EUR/USD Technical Analysis – December 15, 2025
(Adapted and expanded from an article by Fawad Razaqzada, originally published on DailyForex.com)
The EUR/USD currency pair is experiencing a notable resurgence, driven by a combination of technical and macroeconomic factors that are shaping the market sentiment as we move into mid-December 2025. As traders digest recent U.S. inflation data and assess expectations for Federal Reserve policy, the euro has shown signs of renewed strength against the U.S. dollar. This technical analysis explores the price action of EUR/USD, highlighting key support and resistance levels, trend indicators, and potential scenarios going forward.
Overview of Recent Price Action
– On Friday, December 14, EUR/USD traded through notable resistance levels, extending a bullish run that started from around the 1.0750 region in early December.
– The pair gained upwards momentum after breaking through the 1.0900 handle. It advanced to the 1.1000 territory, where psychological and technical resistance resides.
– The market’s reaction to the recent U.S. Consumer Price Index (CPI) report has significantly impacted sentiment. The data pointed to easing inflationary pressures, which in turn has decreased expectations for prolonged tight monetary policy from the Fed.
– As of the time of writing, EUR/USD was trading slightly below the 1.1000 level but was showing resilience above intermediate support zones.
Technical Analysis: Key Support and Resistance Levels
The technical outlook for EUR/USD has turned increasingly bullish in the short term. The following levels and patterns are currently of critical importance:
Support levels:
– 1.0960 to 1.0940: This is the upper bound of the previous resistance which may now act as a support zone. Price action in this zone will help determine whether bulls can maintain momentum.
– 1.0900 to 1.0880: Previously a resistance cluster and now potentially supportive, especially as moving averages converge in this range. A drop back below this level would reintroduce bearish risks.
– 1.0800: Known as a psychologically significant round number, this serves as a key fulcrum in traders’ decision-making.
– 1.0750: The base from which the pair began this latest bullish move. If price were to return to this region, it would likely indicate a significant shift in sentiment.
Resistance levels:
– 1.1000: The primary psychological resistance barrier. A confirmed break above it could trigger a bullish breakout targeting late-summer highs.
– 1.1075 to 1.1100: This region includes highs posted back in August 2025. If the EUR/USD pair surpasses this zone, it would confirm a medium-term trend reversal.
– 1.1200: A longer-standing area of interest dating back to early 2023. Reclaiming this level would provide considerable bullish confirmation.
Price Patterns and Indicators
Several technical indicators and chart patterns point toward bullish momentum building in the EUR/USD pair:
– Moving Averages:
– The 50-day Simple Moving Average (SMA) has begun to turn upward and is nearing a potential crossover with the 100-day SMA. A bullish crossover would validate further upward traction.

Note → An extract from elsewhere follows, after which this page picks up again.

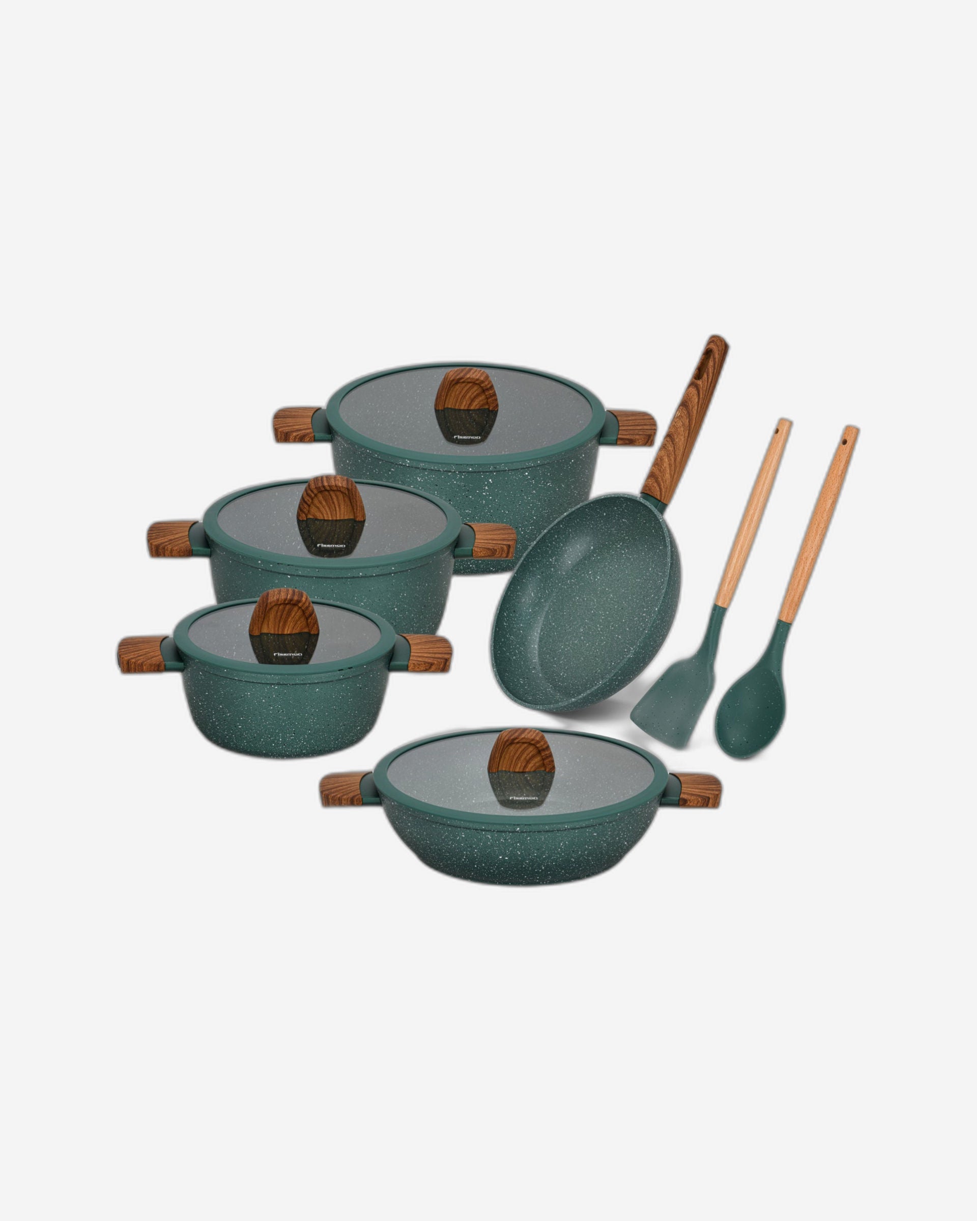 ارتقِ بتجربة الطهي لديك مع طقم أواني الطهي فيسمان المكون من 11 قطعة، تحفة فنية مصنوعة من ألومنيوم فلك عالي الجودة ومزينة بطبقة متينة غير لاصقة. صُممت هذه المجموعة الشاملة من أواني الطهي لتلبية جميع احتياجاتك في الطهي، مما يوفر حلاً متعدد الاستخدامات وأنيقًا لكل مطبخ.

– Price has remained above the 200-day SMA since early December, signaling a long-term bullish bias.
– Relative Strength Index (RSI):
– The RSI is currently hovering near 65 on the daily chart, suggesting the pair is approaching overbought levels but has not yet reached saturation. This leaves room for more potential upside, especially if resistance zones are breached.
– MACD (Moving Average Convergence Divergence):
– The MACD has maintained a bullish divergence since the rebound from 1.0750, and the histogram remains elevated. While the signal line is flattening slightly, the overall momentum is still in buyers’ favor.